Por Gustavo Heredia / La chata con el megáfono está entrando al pueblo, en una pared de ladrillos viejos se lee: "Perón-Evita, la patria", se ve una palabra tachada y al lado "socialista".

La chata con el megáfono está entrando al pueblo, en una pared de ladrillos viejos se lee: "Perón-Evita, la patria", se ve una palabra tachada y al lado "socialista".

—¿Qué pasa don Ignacio?

—Dicen que somos Bolches!

—Pero si yo siempre fui peronista, nunca me metí en política.

El diálogo entre el delegado Municipal, Don Ignacio (Federico Luppi) y Mateo, el único empleado administrativo al que se lo acusa injustamente de ser un "infiltrado", anticipa el nudo narrativo de la película. Afuera una conspiración de consecuencias y dimensiones no esperadas se organiza.

"No habrá más penas ni olvido" nos inserta en la dura y compleja década del 70", en Colonia Vela, un pueblito imaginario que, calmo y tranquilo, devendrá escenario del conflicto que desgarraba al país en el otoño de 1974. Trágico final de una época insuflada de sueños y mucha política.

Otra excelente historia del gordo Soriano que Héctor Olivera lleva al cine en 1983.

Se trata de una historia nuestra donde los personajes se parecen a nosotros, o nosotros nos parecemos a los personajes.
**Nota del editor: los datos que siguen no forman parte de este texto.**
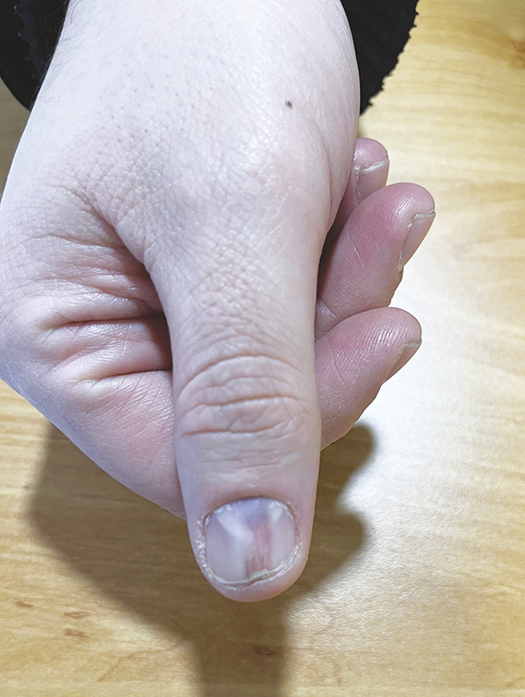 Dans 47 % des cas, elles peuvent également être cliniquement reconnaissables par la présence d’une zone sous-unguéale de couleur bleuâtre à rouge et/ou d’une dystrophie unguéale (
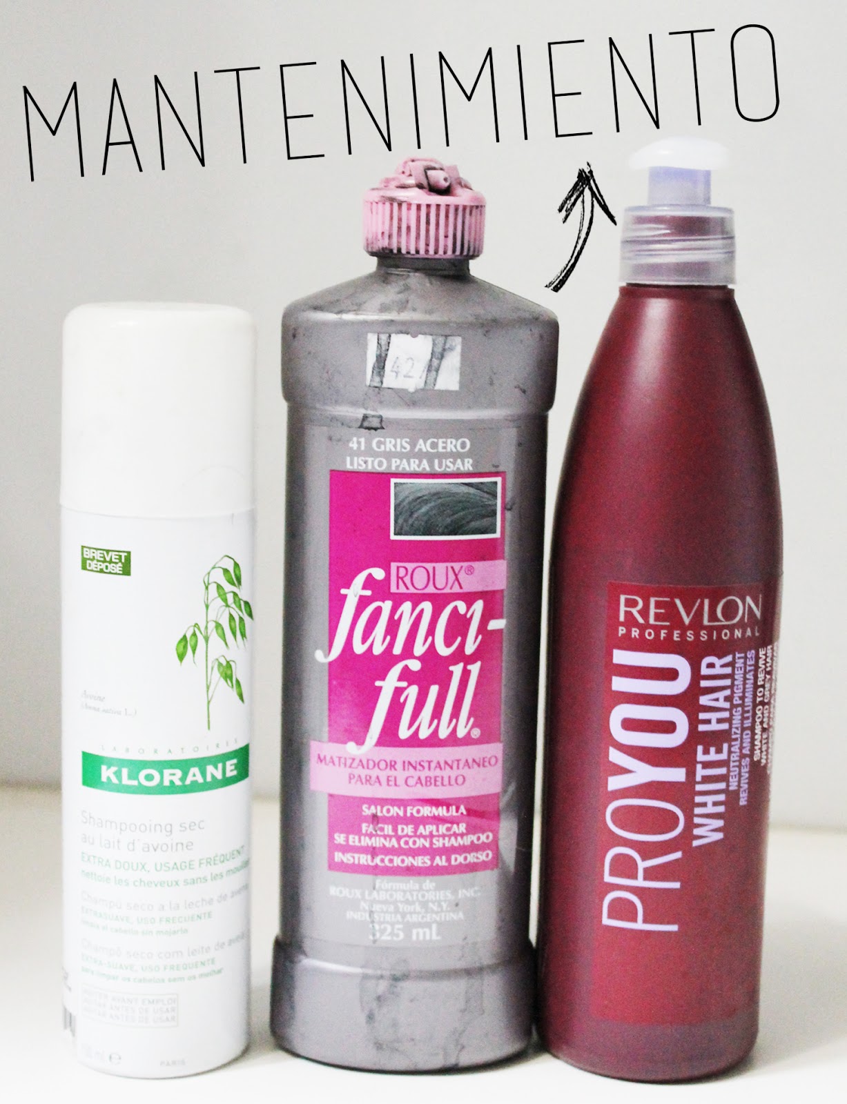 - Fancy Full de Roux en 41-gris acero. Es un matizador instantaneo que deja el pelo gris ni bien lo aplicas y se va con los lavados. Lo que hago es aplicarlo, dejarlo unas horas y luego lavarlo para quitar el exceso. Baja varios tonos de color pero mantiene el color perfectamente sin necesidad de teñir o volver a decolorar.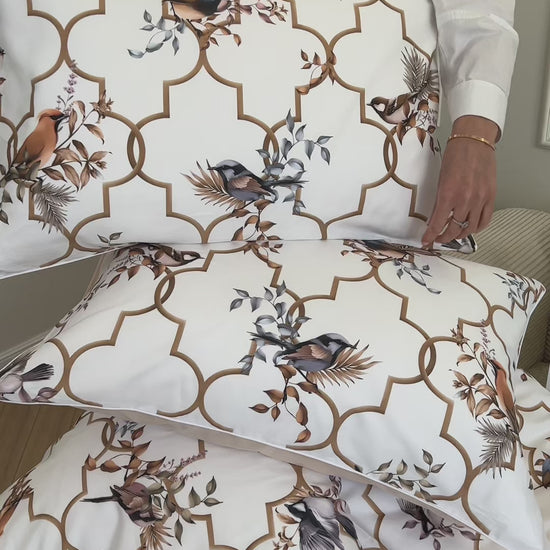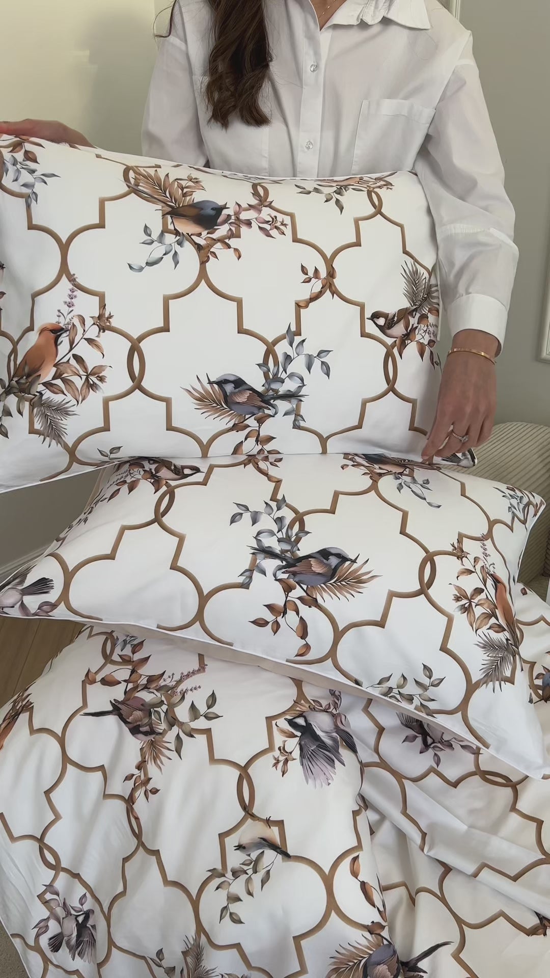 A whisper from an old courtyard, where light falls through carved lattice and a bird rests among quiet branches. Stillness weaves its own melody — one you don’t hear, but feel. Embroidered into fabric, like a memory that never fully leaves. Soft and durable — this bedding set is made from 100% natural premium egyptian cotton satin with high density of 300tc.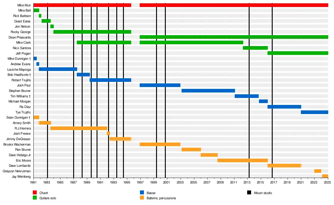 Mike Clark Mike Ball Rick Battson Ron Bruner Ric Clayton Jimmy DeGrasso Mike Dunnigan Sean Dunnigan Carlos Egert Grant Estes Andrew Evans Josh Freese Rocky George Bob Heathcote † R.J. Herrera Dave Hidalgo Louiche Mayorga Jon Nelson Josh Paul Greg Saenz Amery Smith Jason Speir Robert Trujillo Brooks Wackerman Stephen « Thundercat » Bruner Tim « RAWBIZ » Williams † Thomas Pridgen Dave Lombardo |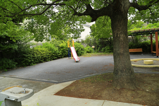 環状4号線沿いにあります。藤や砂場がある小さな公園です。

Sobre todo si son todos argentinos y peronistas ¿Qué íbamos a esperar? El compromiso de un delegado municipal, un comisario ambicioso y burócrata y una juventud con ansias de protagonismo en la construcción del destino de su país, deberían ayudarnos a entender qué somos o cómo somos. Pinceladas gruesas y profundas de una época que estalló en sueños, traiciones, muertes y cuyas esquirlas aún marcan nuestro presente. No sabremos si no habrá más penas, seguiremos luchando para que no haya olvido.